• _Assignment_
Go through the material and copy every line in which "entrée" appears.

Information supplied section start

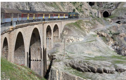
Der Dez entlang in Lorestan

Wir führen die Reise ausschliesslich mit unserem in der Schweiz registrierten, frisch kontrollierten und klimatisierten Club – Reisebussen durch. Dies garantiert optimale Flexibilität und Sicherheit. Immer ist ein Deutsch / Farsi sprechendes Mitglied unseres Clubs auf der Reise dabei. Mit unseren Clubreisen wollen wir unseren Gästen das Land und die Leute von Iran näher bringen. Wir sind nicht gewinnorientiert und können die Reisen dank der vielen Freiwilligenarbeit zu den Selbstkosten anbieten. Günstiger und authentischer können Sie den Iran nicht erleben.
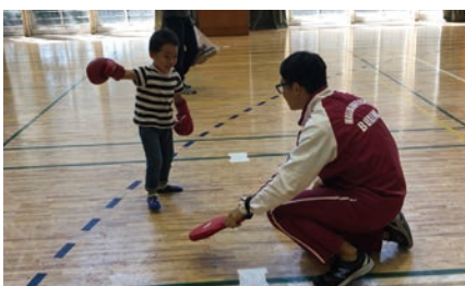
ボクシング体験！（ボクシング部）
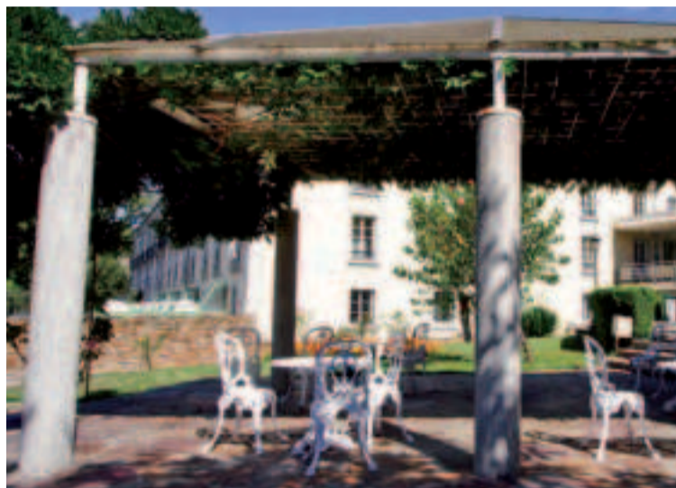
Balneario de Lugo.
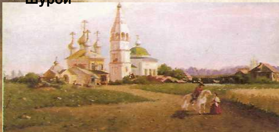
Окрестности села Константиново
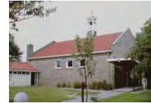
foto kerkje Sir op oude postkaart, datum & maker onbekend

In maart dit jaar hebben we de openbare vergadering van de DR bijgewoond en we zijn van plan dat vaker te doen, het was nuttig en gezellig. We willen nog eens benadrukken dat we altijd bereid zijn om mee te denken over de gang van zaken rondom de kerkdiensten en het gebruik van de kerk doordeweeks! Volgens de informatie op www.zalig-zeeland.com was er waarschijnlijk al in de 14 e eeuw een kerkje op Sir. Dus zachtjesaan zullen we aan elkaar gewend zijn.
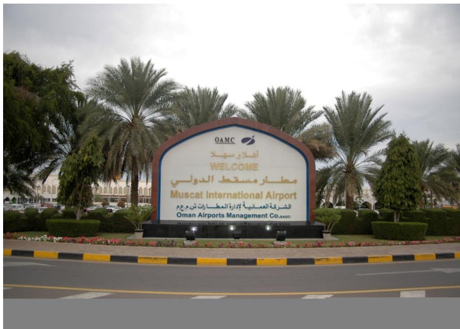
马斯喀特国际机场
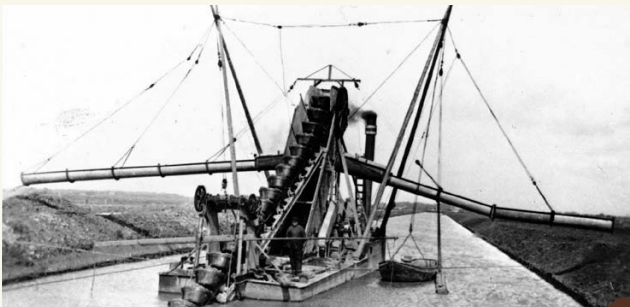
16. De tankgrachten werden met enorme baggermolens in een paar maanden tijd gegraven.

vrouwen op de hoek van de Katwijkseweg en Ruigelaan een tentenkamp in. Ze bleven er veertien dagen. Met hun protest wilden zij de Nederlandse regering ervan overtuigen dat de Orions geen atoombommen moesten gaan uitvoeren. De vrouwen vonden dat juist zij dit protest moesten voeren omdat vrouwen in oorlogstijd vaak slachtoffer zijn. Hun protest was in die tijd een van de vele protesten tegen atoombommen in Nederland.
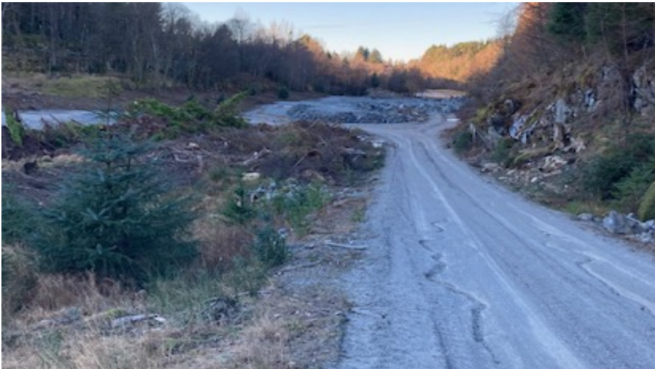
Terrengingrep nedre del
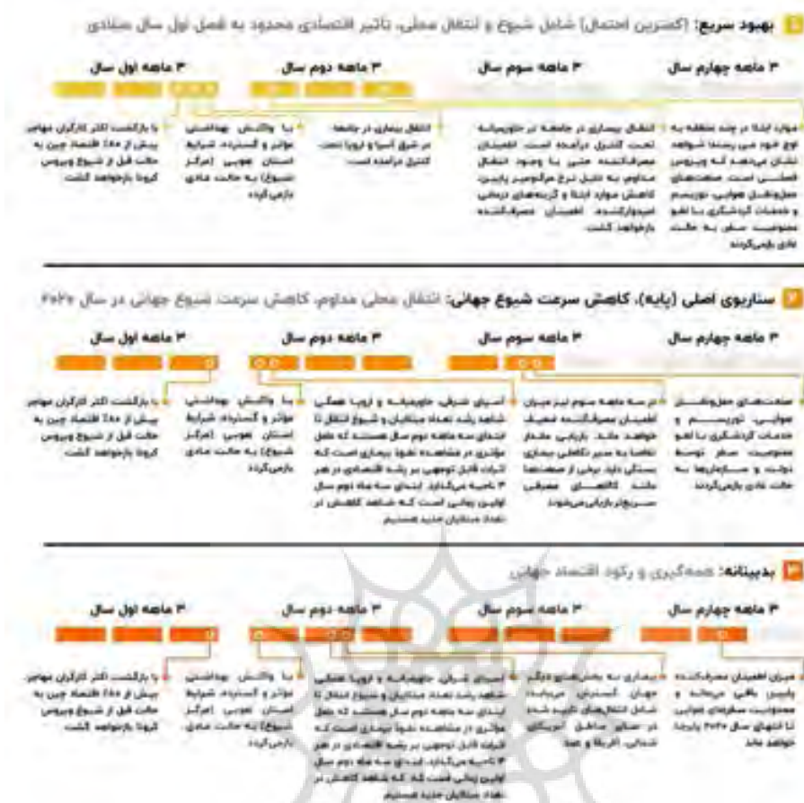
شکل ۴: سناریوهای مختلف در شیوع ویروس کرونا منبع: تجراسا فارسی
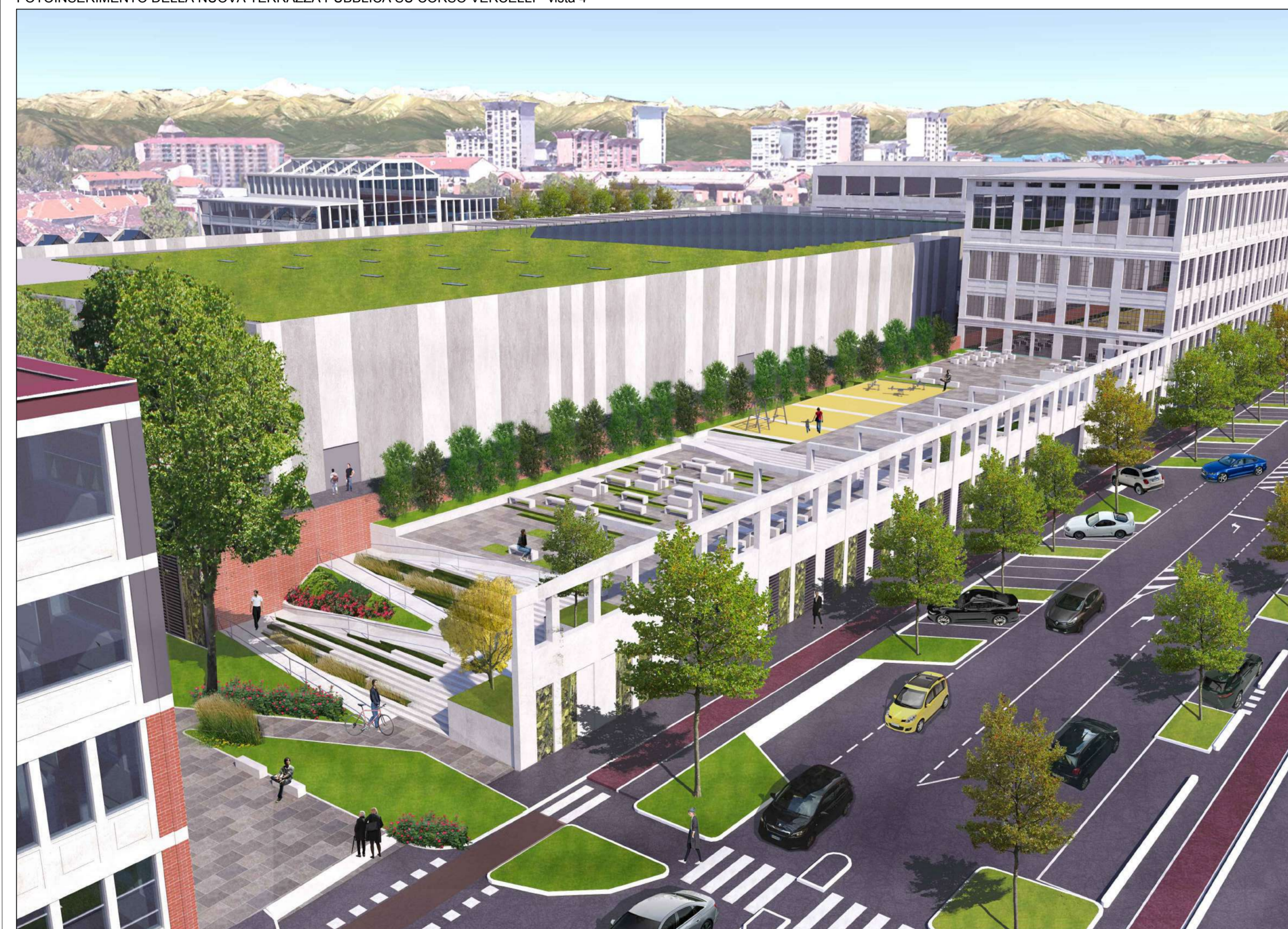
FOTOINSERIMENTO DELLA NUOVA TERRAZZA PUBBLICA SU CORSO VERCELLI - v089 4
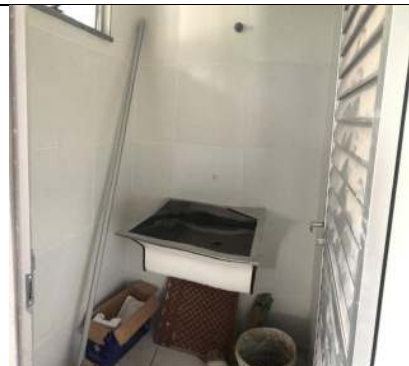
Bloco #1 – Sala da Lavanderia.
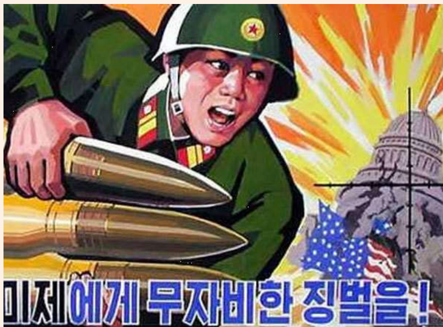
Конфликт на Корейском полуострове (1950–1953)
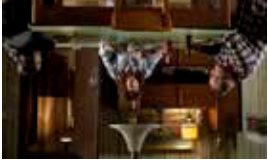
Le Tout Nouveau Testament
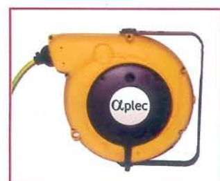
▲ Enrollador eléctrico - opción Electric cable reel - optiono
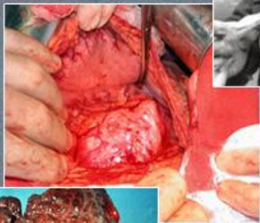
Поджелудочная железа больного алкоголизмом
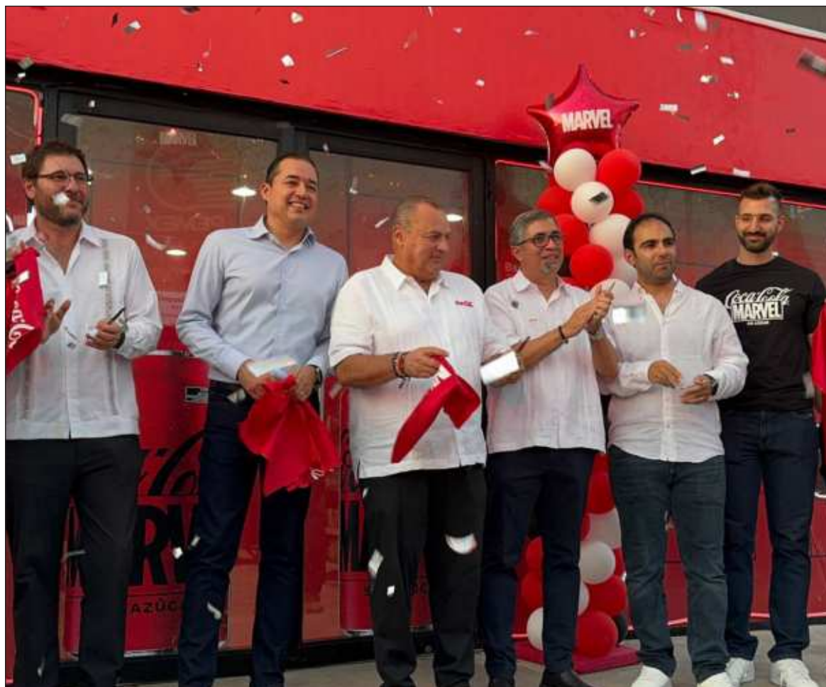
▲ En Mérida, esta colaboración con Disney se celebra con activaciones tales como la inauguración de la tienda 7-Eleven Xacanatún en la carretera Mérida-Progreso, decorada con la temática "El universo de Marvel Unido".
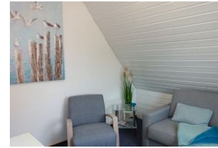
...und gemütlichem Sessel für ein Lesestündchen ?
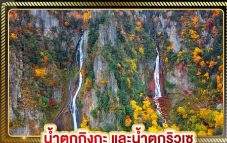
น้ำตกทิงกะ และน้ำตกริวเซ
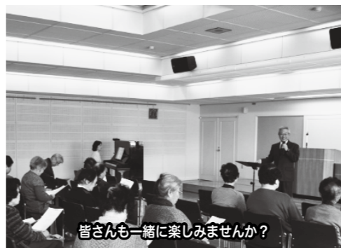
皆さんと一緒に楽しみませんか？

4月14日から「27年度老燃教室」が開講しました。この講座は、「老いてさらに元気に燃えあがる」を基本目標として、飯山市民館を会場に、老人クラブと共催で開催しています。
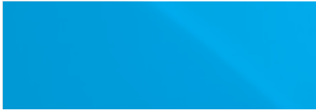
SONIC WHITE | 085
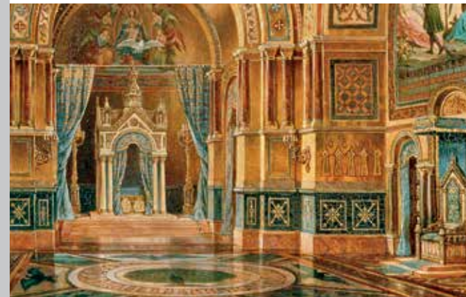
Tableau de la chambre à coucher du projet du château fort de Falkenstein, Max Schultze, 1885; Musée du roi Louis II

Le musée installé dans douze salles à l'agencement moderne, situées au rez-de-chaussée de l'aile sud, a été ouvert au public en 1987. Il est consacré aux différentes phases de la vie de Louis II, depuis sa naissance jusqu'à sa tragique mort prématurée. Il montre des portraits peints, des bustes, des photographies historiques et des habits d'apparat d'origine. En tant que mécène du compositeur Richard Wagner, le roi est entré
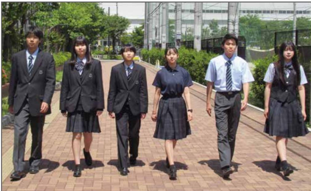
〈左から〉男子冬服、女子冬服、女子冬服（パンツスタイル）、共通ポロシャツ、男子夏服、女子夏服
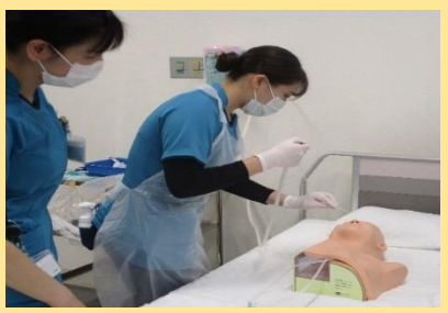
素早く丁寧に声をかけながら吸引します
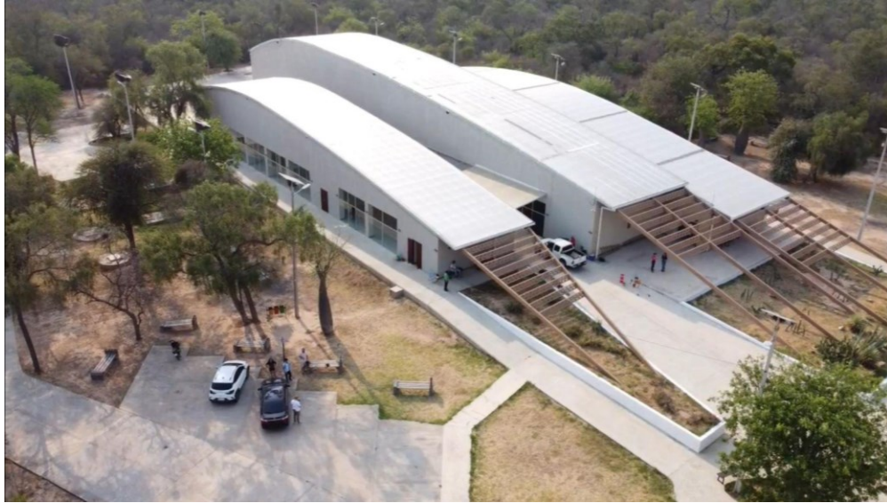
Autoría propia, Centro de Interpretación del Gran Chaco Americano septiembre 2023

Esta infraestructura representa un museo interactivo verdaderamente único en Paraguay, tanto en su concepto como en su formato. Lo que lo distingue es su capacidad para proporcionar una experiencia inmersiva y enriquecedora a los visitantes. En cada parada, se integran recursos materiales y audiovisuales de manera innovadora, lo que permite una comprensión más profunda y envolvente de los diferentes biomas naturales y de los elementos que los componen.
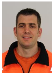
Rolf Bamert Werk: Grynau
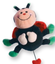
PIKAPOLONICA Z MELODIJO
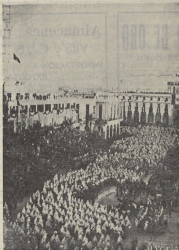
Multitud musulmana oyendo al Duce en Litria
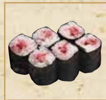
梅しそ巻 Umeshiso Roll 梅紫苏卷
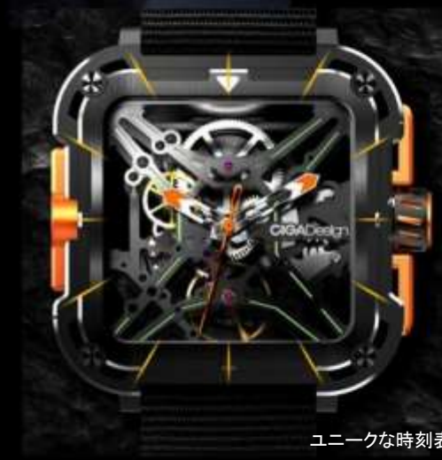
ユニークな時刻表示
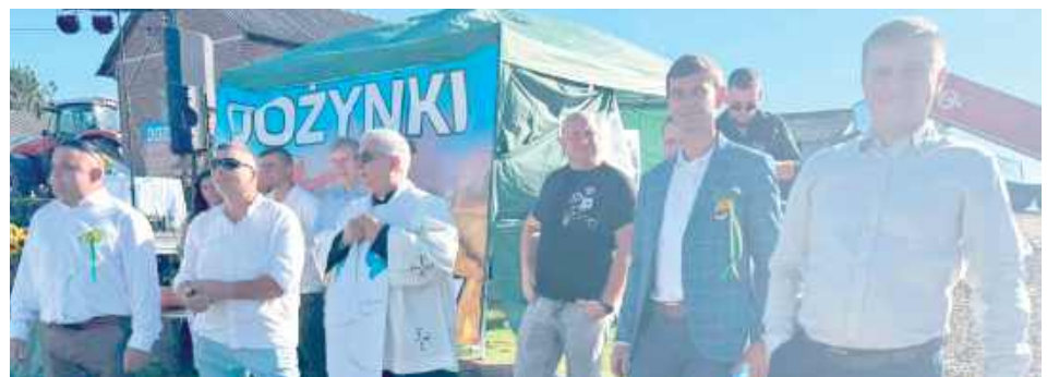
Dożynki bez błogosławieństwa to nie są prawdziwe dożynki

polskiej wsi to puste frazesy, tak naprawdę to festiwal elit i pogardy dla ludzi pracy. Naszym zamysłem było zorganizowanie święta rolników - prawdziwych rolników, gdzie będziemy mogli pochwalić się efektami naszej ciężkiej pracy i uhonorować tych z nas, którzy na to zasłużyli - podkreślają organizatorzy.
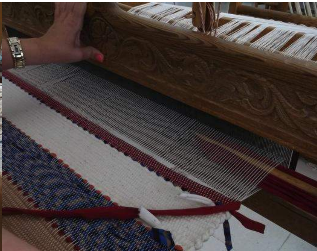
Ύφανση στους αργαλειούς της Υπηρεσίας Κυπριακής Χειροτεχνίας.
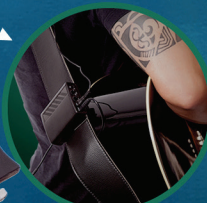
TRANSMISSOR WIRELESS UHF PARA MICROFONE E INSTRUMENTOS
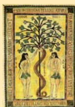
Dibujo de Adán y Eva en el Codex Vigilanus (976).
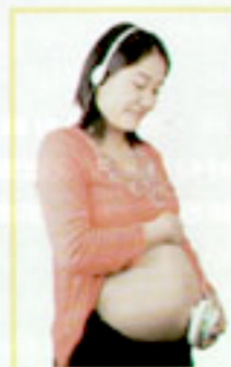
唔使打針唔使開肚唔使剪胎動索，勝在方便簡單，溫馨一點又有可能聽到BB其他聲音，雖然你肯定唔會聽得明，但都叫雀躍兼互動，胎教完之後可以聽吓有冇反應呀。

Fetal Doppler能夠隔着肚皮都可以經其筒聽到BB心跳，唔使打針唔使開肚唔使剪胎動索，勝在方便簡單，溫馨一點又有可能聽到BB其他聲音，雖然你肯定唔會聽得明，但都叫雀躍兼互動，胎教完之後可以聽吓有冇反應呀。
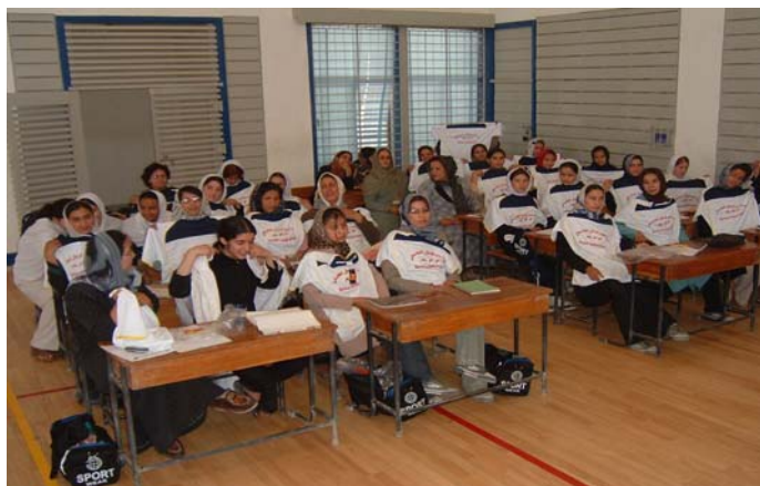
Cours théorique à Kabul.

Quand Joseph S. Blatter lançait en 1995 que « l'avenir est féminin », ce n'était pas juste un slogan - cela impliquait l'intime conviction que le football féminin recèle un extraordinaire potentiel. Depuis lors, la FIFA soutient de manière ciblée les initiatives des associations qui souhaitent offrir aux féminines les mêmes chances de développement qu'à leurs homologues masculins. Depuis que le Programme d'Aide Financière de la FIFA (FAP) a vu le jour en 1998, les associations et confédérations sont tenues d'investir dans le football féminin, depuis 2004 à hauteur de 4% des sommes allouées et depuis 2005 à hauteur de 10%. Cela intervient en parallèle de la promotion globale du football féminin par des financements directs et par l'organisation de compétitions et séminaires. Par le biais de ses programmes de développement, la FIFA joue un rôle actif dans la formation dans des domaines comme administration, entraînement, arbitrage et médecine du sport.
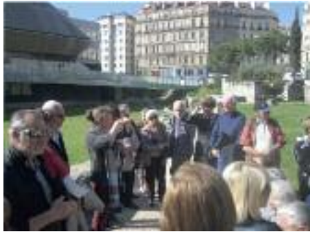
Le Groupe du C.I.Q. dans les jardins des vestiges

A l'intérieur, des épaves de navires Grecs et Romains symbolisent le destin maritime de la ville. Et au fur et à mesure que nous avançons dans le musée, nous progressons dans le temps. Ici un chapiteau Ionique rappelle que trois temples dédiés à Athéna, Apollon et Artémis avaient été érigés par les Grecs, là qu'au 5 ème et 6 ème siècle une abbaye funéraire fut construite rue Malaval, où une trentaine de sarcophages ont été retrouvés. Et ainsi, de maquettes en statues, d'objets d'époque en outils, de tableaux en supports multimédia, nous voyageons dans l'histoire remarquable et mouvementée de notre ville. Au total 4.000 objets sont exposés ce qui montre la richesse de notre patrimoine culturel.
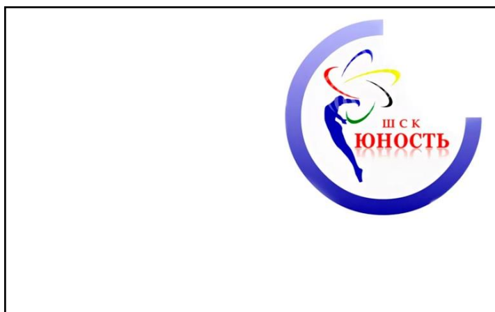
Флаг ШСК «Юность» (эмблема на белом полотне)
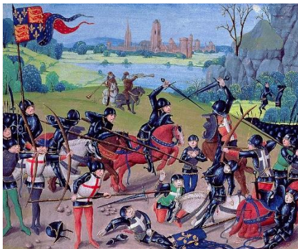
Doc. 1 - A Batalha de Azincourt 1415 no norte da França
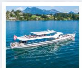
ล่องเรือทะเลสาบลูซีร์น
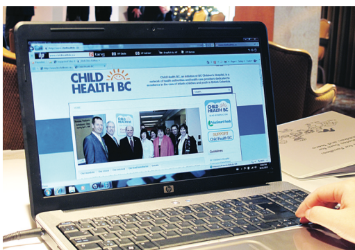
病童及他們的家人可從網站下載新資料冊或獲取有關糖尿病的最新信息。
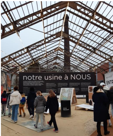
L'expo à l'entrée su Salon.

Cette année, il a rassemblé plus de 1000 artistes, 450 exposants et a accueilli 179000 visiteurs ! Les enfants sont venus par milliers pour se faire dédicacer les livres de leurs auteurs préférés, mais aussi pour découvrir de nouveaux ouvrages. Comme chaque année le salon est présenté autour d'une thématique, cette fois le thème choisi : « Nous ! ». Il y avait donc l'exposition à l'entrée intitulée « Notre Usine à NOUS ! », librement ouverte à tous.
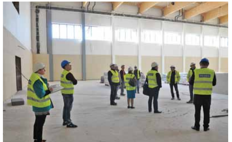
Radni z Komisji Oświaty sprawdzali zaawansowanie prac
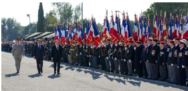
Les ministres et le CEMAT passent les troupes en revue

Information supplied section end

• _Reply to the task_
L'expo à l'entrée su Salon.
Cette année, il a rassemblé plus de 1000 artistes, 450 exposants et a accueilli 179000 visiteurs ! Les enfants sont venus par milliers pour se faire dédicacer les livres de leurs auteurs préférés, mais aussi pour découvrir de nouveaux ouvrages. Comme chaque année le salon est présenté autour d'une thématique, cette fois le thème choisi : « Nous ! ». Il y avait donc l'exposition à l'entrée intitulée « Notre Usine à NOUS ! », librement ouverte à tous.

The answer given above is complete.